# UHMW Plastic for Fence Faces?



## Wobbly (Jan 3, 2011)

Marc Summerfeld's videos show UHMW plastic being used for fence faces. Rockler has it for about $12.50 a foot in 3/4" thickness.

As a confirmed cheapskate, I'm thinking about using oil-impregnated MDF for this application. Any recommendations?

Thanks!


----------



## jw2170 (Jan 24, 2008)

Wobbly said:


> Marc Summerfeld's videos show UHMW plastic being used for fence faces. Rockler has it for about $12.50 a foot in 3/4" thickness.
> 
> As a confirmed cheapskate, I'm thinking about using oil-impregnated MDF for this application. Any recommendations?
> 
> Thanks!


When you say "oil impregnated", do you mean Scandinavian oil?


----------



## bobj3 (Jan 17, 2006)

UHMW Plastic Sheets and Strips

=========



Wobbly said:


> Marc Summerfeld's videos show UHMW plastic being used for fence faces. Rockler has it for about $12.50 a foot in 3/4" thickness.
> 
> As a confirmed cheapskate, I'm thinking about using oil-impregnated MDF for this application. Any recommendations?
> 
> Thanks!


----------



## Cavediver (Jun 14, 2010)

Wobbly said:


> Marc Summerfeld's videos show UHMW plastic being used for fence faces. Rockler has it for about $12.50 a foot in 3/4" thickness.
> 
> As a confirmed cheapskate, I'm thinking about using oil-impregnated MDF for this application. Any recommendations?
> 
> Thanks!


I've always had laminated faces or even plain MDF or clear-coated MDF fences; they've always worked well enough for me. I reserve my limited supply of UHMW for jig making and runners (places where laminate won't work, or it's too much hassle to apply).


----------



## Wobbly (Jan 3, 2011)

jw2170 said:


> When you say "oil impregnated", do you mean Scandinavian oil?

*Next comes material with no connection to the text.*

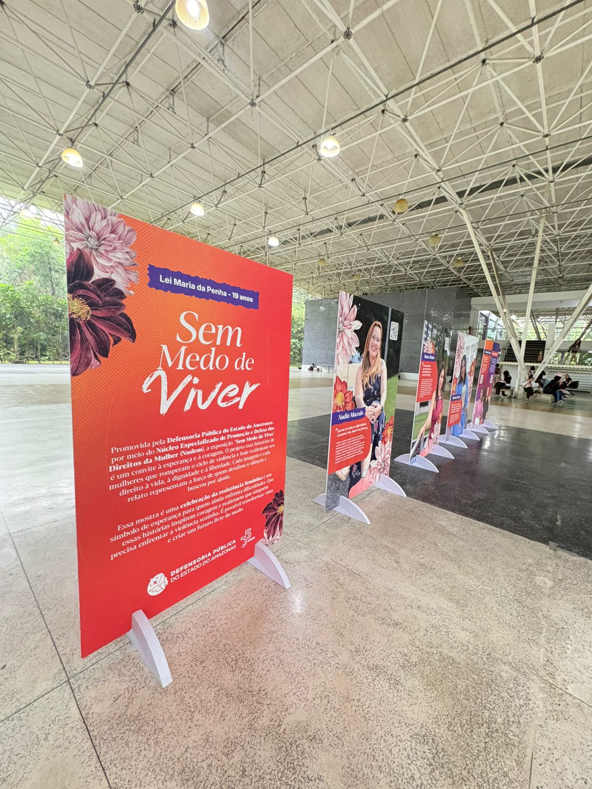 A exposição, instalada no Centro de Convivência, setor norte do campus Arthur Virgílio Filho, apresenta relatos com depoimentos completos de Rebeca Louise, Andréia Batista, Neuza Farias, Luciane Lopes, Darling Bessa, Simone Sousa, Vanderuth Sena, Elizabet Sousa, Brenda Oliveira, Nadia Macedo e Maria Mônica. Para o defensor público geral, Rafael Barbosa, a exposição é um incentivo para que mulheres em situação de violência se sintam encorajadas a denunciar as agressões. “Queremos fortalecer um ambiente de acolhimento, em que a mulher se sinta segura para relatar a violência sofrida e, a partir desse passo, iniciar um novo ciclo de vida, com acesso à proteção e aos seus direitos”, afirma.
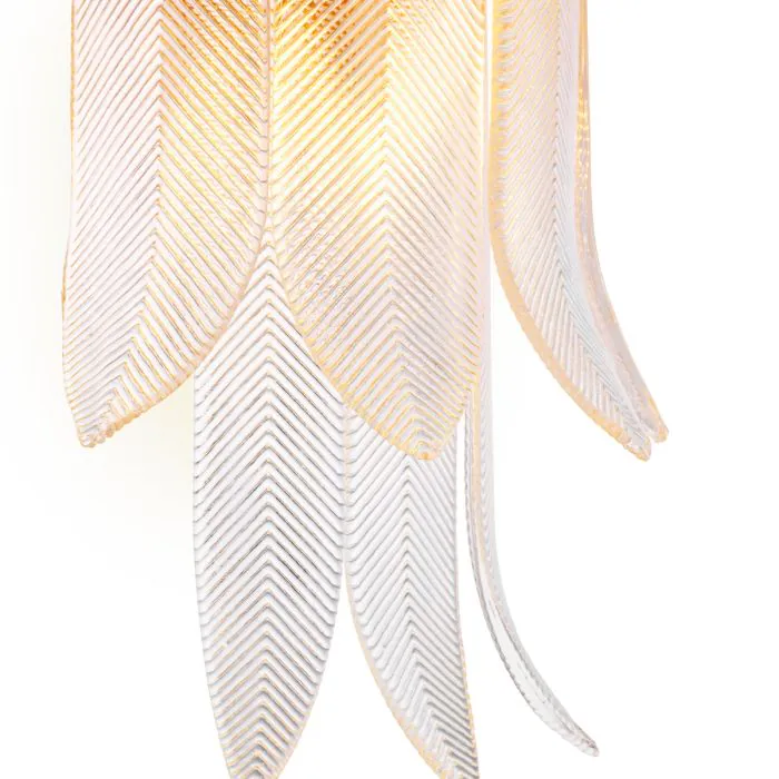 Этот изысканный настенный светильник, напоминающий гламур высокой моды 1920-х годов и элегантность ар-деко, запечатлевает изящество застывшего движения. Каждое отлитое вручную стеклянное «перо» переливается тонким радужным блеском, образуя каскад, напоминающий веера с перьями и украшенные драгоценностями головные уборы вечеринок эпохи флэпперов. Тонкая ребристая текстура, напоминающая изящную вышивку или металлизированную нить, преобразует свет в мягкое, сияющее свечение, роскошное, но в то же время неземное. Силуэт светильника Erika, закрепленный на круглой латунной раме, повторяет одновременно корону и венец, ненавязчиво подчеркивая его царственный характер. Его форма столь же архитектурна, сколь и органична: симметрия сочетается с чувственностью, точность смягчается естественным ритмом стекла, напоминающего перья. В результате получается исследование контрастов: структурированный, но плавный, светящийся, но устойчивый. Светильник Erika кажется одновременно вневременным и кинематографичным, воссоздавая золотую эпоху гламура ар-деко, где дизайн, мода и фантазия переплетались. Он с одинаковым успехом мог бы висеть как в парижском бальном зале, так и в современном салоне, излучая ту же атмосферу роскошной грации. Доступный в виде люстры, подвесного светильника и настенного бра, Erika — это носимое произведение дизайна, сияющая дань уважения женственности, декоративности и вечной красоте.

Yes, Pat Warner recommends two or three coats of Watco [Danish oil] for MDF table tops in 'The Router Book'. Bill Hylton also mentions it as an alternative to laminate covered MDF, but notes that it takes two or three days to get all the coats to dry. He also recommends that the front edge of a MDF top be chamfered. 

From the manufacturer:
:WATCO Danish Oil is a unique blend of penetrating oil & varnish hardens in the wood, not on the wood. Watco Danish Oil penetrates deep into wood pores to protect from within and to enhance the natural look and feel of the wood. It creates the rich, warm glow of a traditional hand-rubbed finish. Many projects can be completed in less than an hour - simply brush or wipe on and wipe off. Watco Danish Oil is the choice of fine woodworkers and novices alike."


----------



## Wobbly (Jan 3, 2011)

bobj3 said:


> UHMW Plastic Sheets and Strips
> 
> =========


Better prices than Rockler.
That Slick Tape looks like a 'slick' idea. Too bad that it doesn't come in width greater than 3". 

Router Table Build shows a UHMW fence face made from cutting board. Checking on EBAY, there are 18" x 12" x 3/4" white cutting boards for about $17 shipped. This would make 3 strips 4" x 18" for faces, with another 4" x18" strip which could be cut into zero clearance inserts.


----------



## Cavediver (Jun 14, 2010)

Wobbly said:


> ... there are 18" x 12" x 3/4" white cutting boards for about $17 shipped. This would make 3 strips 4" x 18" for faces, with another 4" x18" strip which could be cut into zero clearance inserts.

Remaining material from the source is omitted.